Upon the command of Sin <<and>> Ishtar, the Lady-of-Battle, without whom neither hostilities nor reconciliation can occur in the country and no battle can be fought, extended her protection (lit.: hand) over them, and the king of Egypt, the Medes and the land of the Arabs, all the hostile kings, were sending me messages of reconciliation and friendship. As to the land of the Arabs which [is the eternal enemy] of Babylonia [and which] was (always) ready to rob and carry off its possession, Nergal broke their weapons upon the order of Sin, and they all bowed down at my feet.
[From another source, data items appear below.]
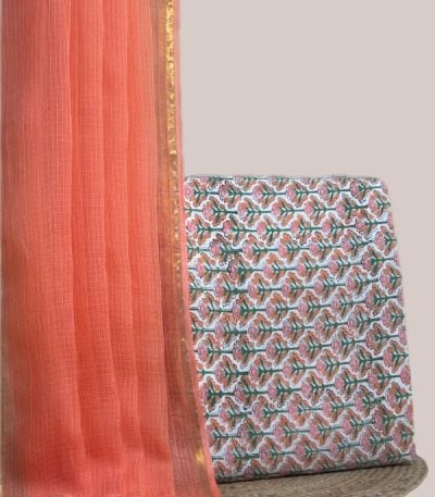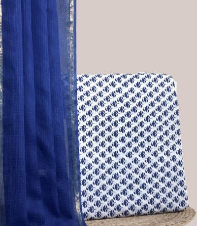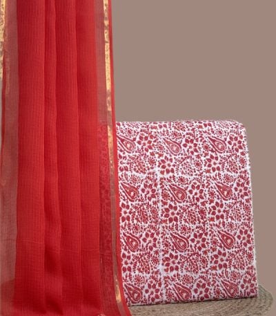 White – 2pc Kota Doria Dupatta and Pure Soft Cotton Blockprint Top Fabric Set
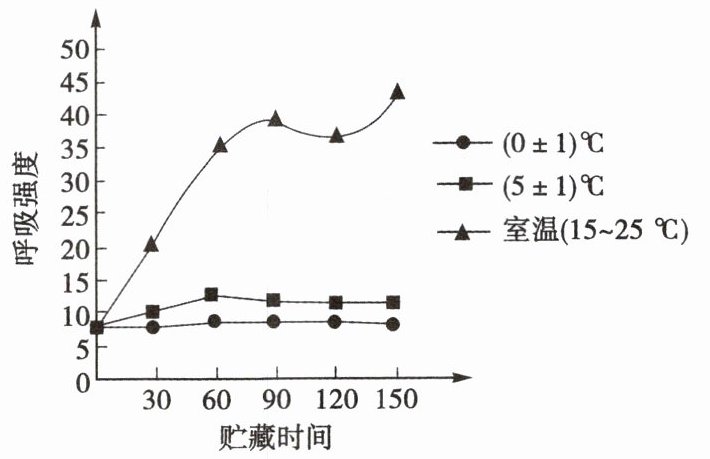 3. (2023·呼伦贝尔)新鲜的核桃营养成分损失较少,口味香醇,但不宜保存。图阶(四)-3 是不同贮藏温度条件下新鲜核桃呼吸强度与贮藏时间的关系。下列说法正确的是【
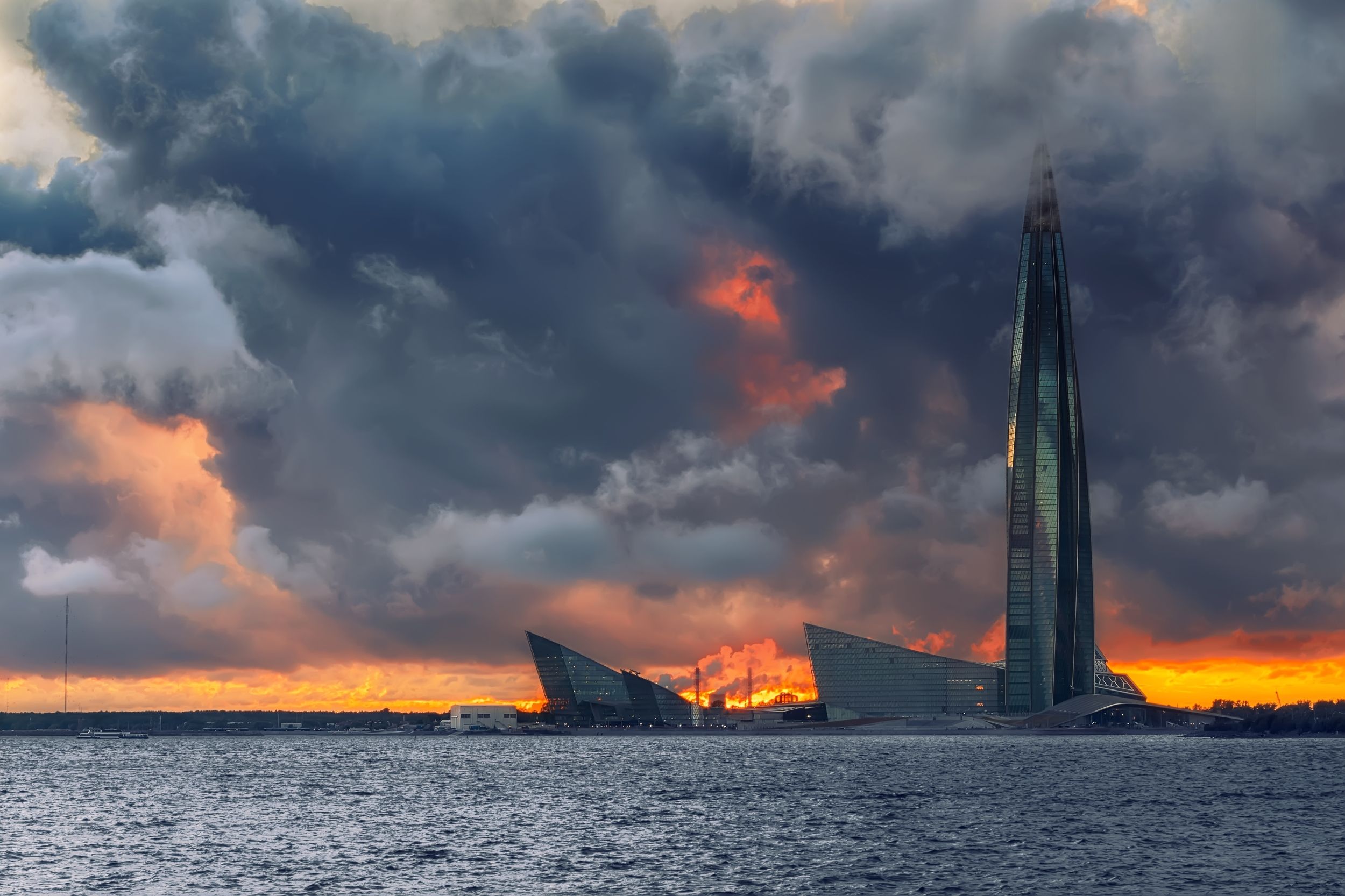 город море вечер закат небо облака ненастье архитектура башня, Тамара
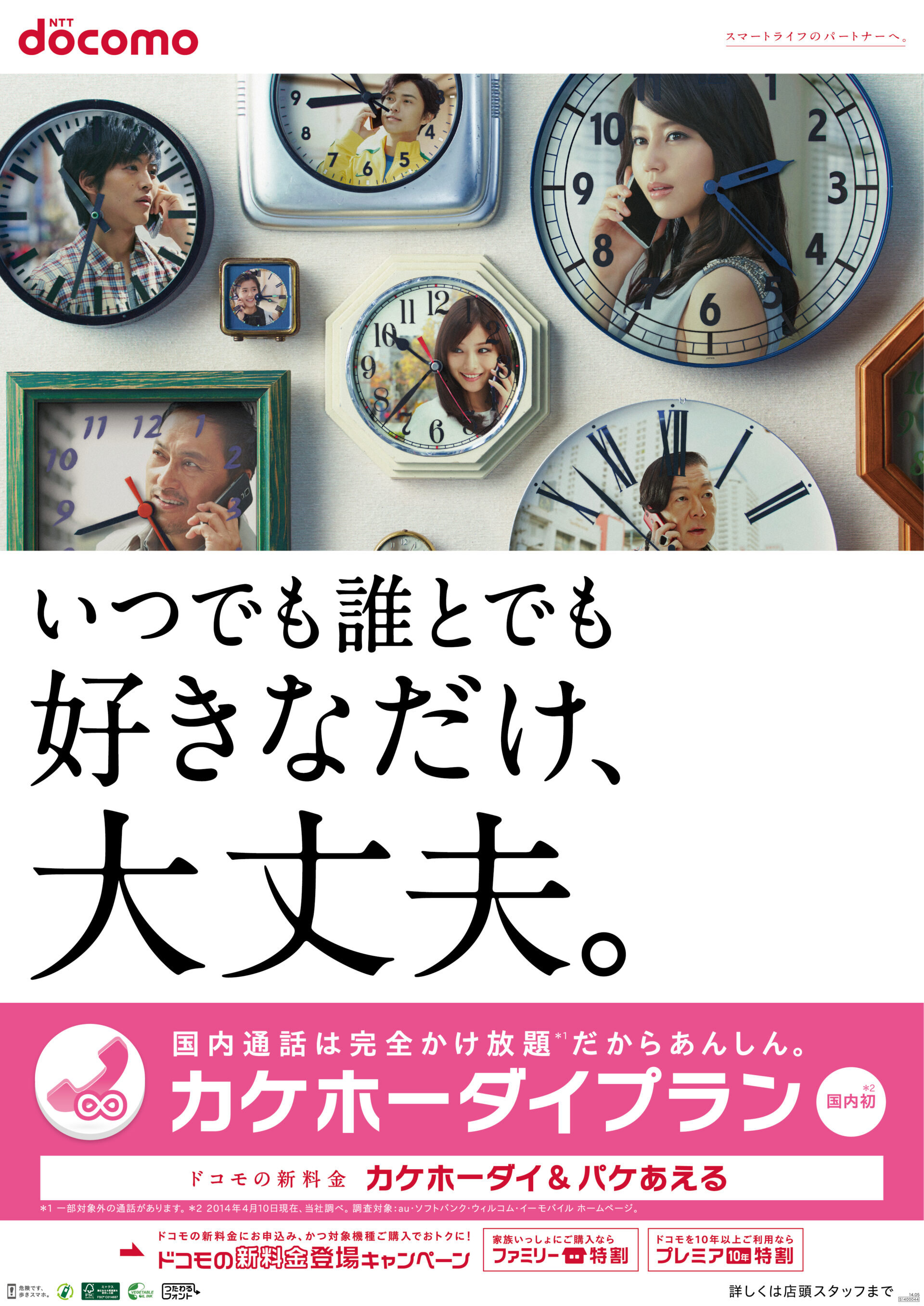 Designer : toruIMAI CreativeDirector : TUGBOAT ArtDirector : kengoKATO CopyWriter : norihisaDohmen Photographer : takakazuAOYAMA Actor : kenWATANABE,makiHORIKITA,toriMATSUZAKA,satomiISHIHARA,arataFURUTA,masahiroHIGASHIDE,yuinaKUROSHIMA,ryoKATSUCHI,SUMIRE Advertising NTT poster Telecommunications TUGBOAT NTTdocomo : ドコモの新料金
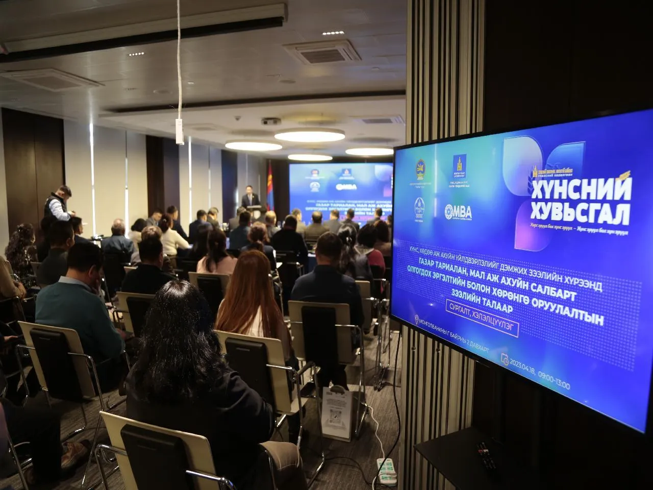 Хүнс, хөдөө аж ахуйн үйлдвэрлэлийг дэмжих зээлийн хүрээнд газар тариалан, мал аж ахуйн салбарт олгох эргэлтийн болон хөрөнгө оруулалтын зээлийн талаар” сургалт-хэлэлцүүлгийг зохион байгууллаа. Арга хэмжээнд Монгол Улсын Ерөнхийлөгчийн Тамгын газар, Хүнс, хөдөө аж ахуй, хөнгөн үйлдвэрийн яам, Монголбанк, Монголын банкны холбоо, мал аж ахуй, газар тариалангийн салбарын аж ахуй нэгж байгууллага, иргэд оролцов.
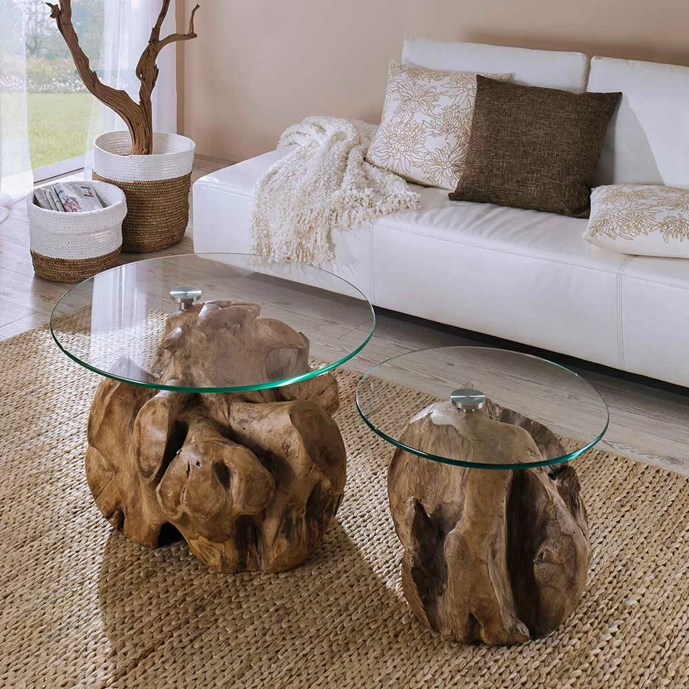 - Extravaganter Zweisatztisch in Teak Naturfarben
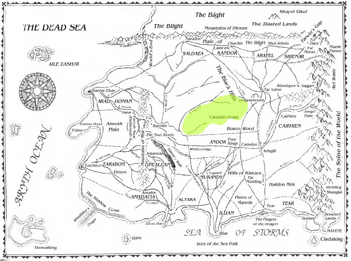 The Caralain Grass was once more densely populated, with the kingdom of Coremanda (one of the Ten Nations destroyed in the Trolloc Wars) claiming its full extent. It was later divided between the kingdoms of Dal Calain, Aldeshar and Caembarin during the Free Years.
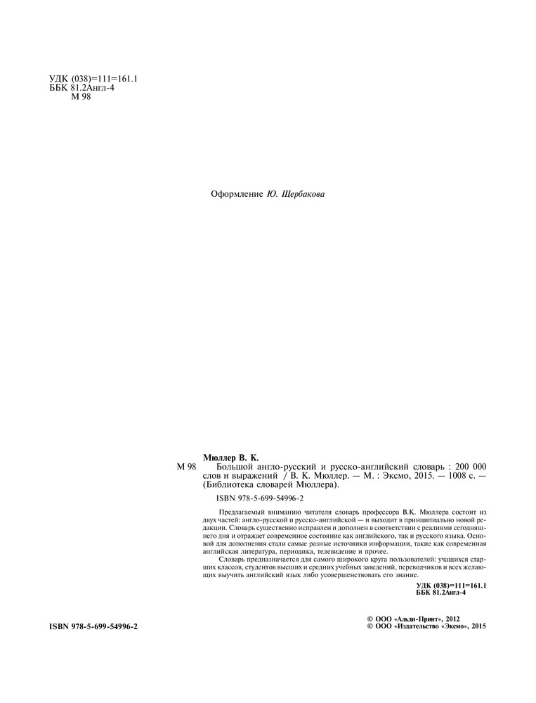 Большой англо-русский и русско-английский словарь. 200 000 слов и выраженийВ данный момент этот товар отсутствует в продаже. Возможно, у нас найдется аналогичный или похожий товар здесь. Серия: Библиотека словарей Мюллера Большой |

== Description and interpretation ==
The first quote shows Nabonidus's devotion to Sin, and also shows that Nabonidus was “one who has nobody,” i.e. he was not of any royal house, and yet he became king. Other sources relate that he was a co-conspirator in the coup that executed Labashi-Marduk, after which his co-conspirators elected him as king.

The second section relates to the third year of Nabonidus' reign when he left Babylon to help commission the reconstruction of the Ehulhul temple to Sin in Harran, and apparently also to fight the hostile Arabs in the area. At that time, he installed his oldest son Belshazzar as regent in Babylon. During the time in Tayma, the Stela describes Nabonidus’s interactions with the enemies of Babylonia.